Oh... I'm glad someone had Trollhunter on their list. I love that film.
Taxi [1998 - French] Silly but I love its energy
When the Cat's Away [1996 - French] Whimsical like only the French seem to be able to do
Tomboy [2011 - French] Just stunning...
Ran [1985 - Japanese] Grand scale and intimate all at once.
and
Rare Exports [2010 - Finnish (though it be spoken in Sami)] The best ever Xmas movie!


----------



## tegeus-Cromis (May 14, 2020)

OK, my favorite non-Anglophone, non-Francophone movies:
_Andrei Rublev _(see above)
_Spirit of the Beehive _(Erice, 1973) -- Spanish. A huge influence on _Pan's Labyrinth, _and about a thousand times better than it. 
_Fellini Casanova _(1976) -- Italian. If I have to pick one Fellini, this is the one I'd pick. 
_Persona _(Bergman, 1966) -- Swedish. 
_Seven Samurai _(Kurosawa, 1954) -- Japanese.


----------



## Rodders (May 14, 2020)

Access to genre foreign movies is not easy, but there are a lot of really great movies which provide a refreshing change to Hollywood. My favourites include:

Luc Besson's Taxi. (French)
Chrysalis (French)
Cargo (Swiss)
Aniara (not sure, but I think this is a Swedish movie)
Timecrimes (Spanish)
The Last Days (Spanish) My favourite movie of the last few years.

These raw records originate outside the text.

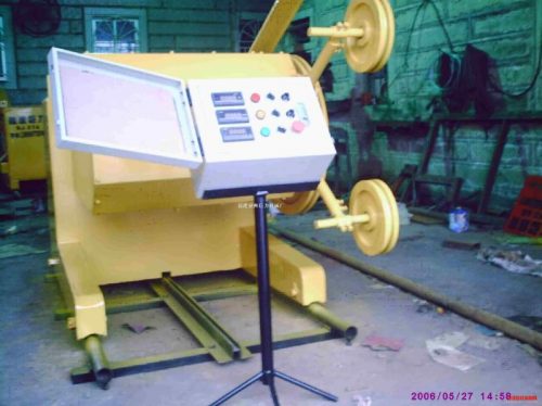 一般的輕便型混凝土繩鋸切割機由動力機構、進給機構、繩鋸儲放機構和移動機架四部分組成。驅動主飛輪,一般由電機直接驅動或用液壓馬達驅動。電機功率10 kW~15 kW,采用變頻調控,輸出線速度:2~30m/s。進給機構簡單的可以用手搖桿進給、液壓油缸進給或氣缸進給。儲放機構實際上是一對多槽飛輪,一個飛輪與驅動飛輪連接;另一個飛輪則為張緊輪,與進給機構連接。通過調節閥的壓力,控制油缸或氣缸的進給力以控制繩鋸工作過程金剛石串珠繩的張緊力,并保持恒定。機架是移動式的,帶有若干導向輪。通過導向輪輸出繩鋸,可以增加繩鋸在主飛輪上的包角,以提高繩鋸的鋸切力。整機重量150kg左右,搬運方便,非常適于地震災區樓房倒塌或混凝土構件壓埋人體的快速切割和疏導通道。
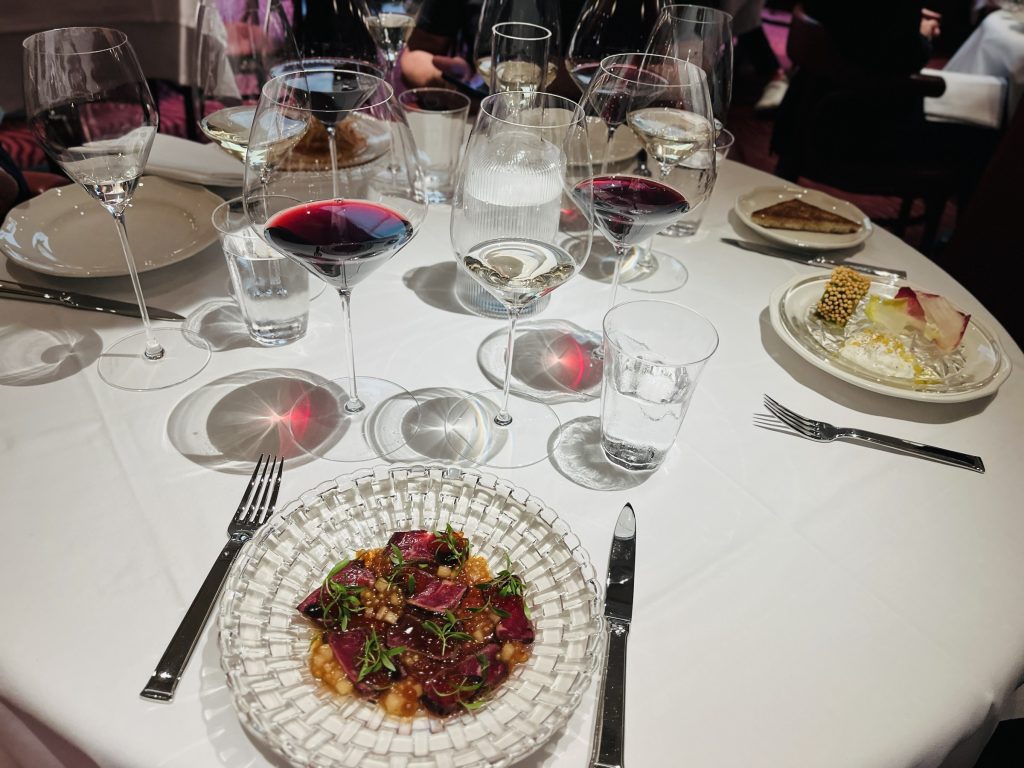 Menyn rör sig fritt mellan ursprung och teknik, med ett internationellt uttryck som speglas i allt från förrätter och tillbehör till själva grillen. Vinlistan fokuserar på den gamla världen och USA. Vi fick nöjet att avnjuta tre olika viner som passade till de rätterna som vi åt.
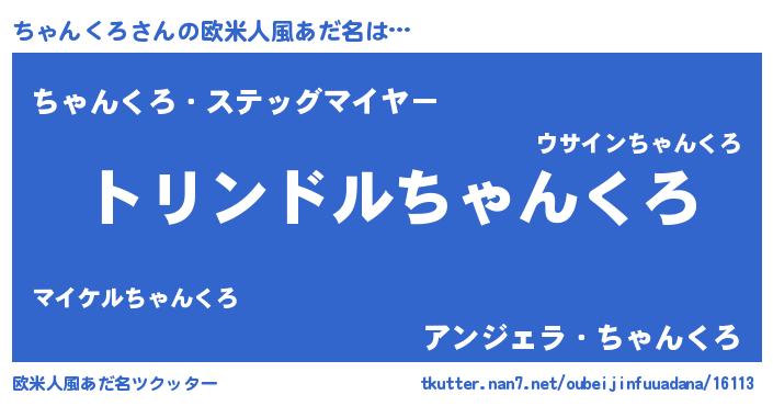 | 男性向けラノベタイトル風あだ名 | 『転生したらちゃんくろだった件』 |

Just brilliant and totally recommended.
Train to Busan (Korean) very much looking forward to seeing the sequel to this.
The Villainess (Korean and ultra violent.)

I have a few that I still need to watch. (Delicatessen and City of the Lost Children spring immediately to mind.)

I would love to see a Sci-Fi Bollywood movie. Any recommendations?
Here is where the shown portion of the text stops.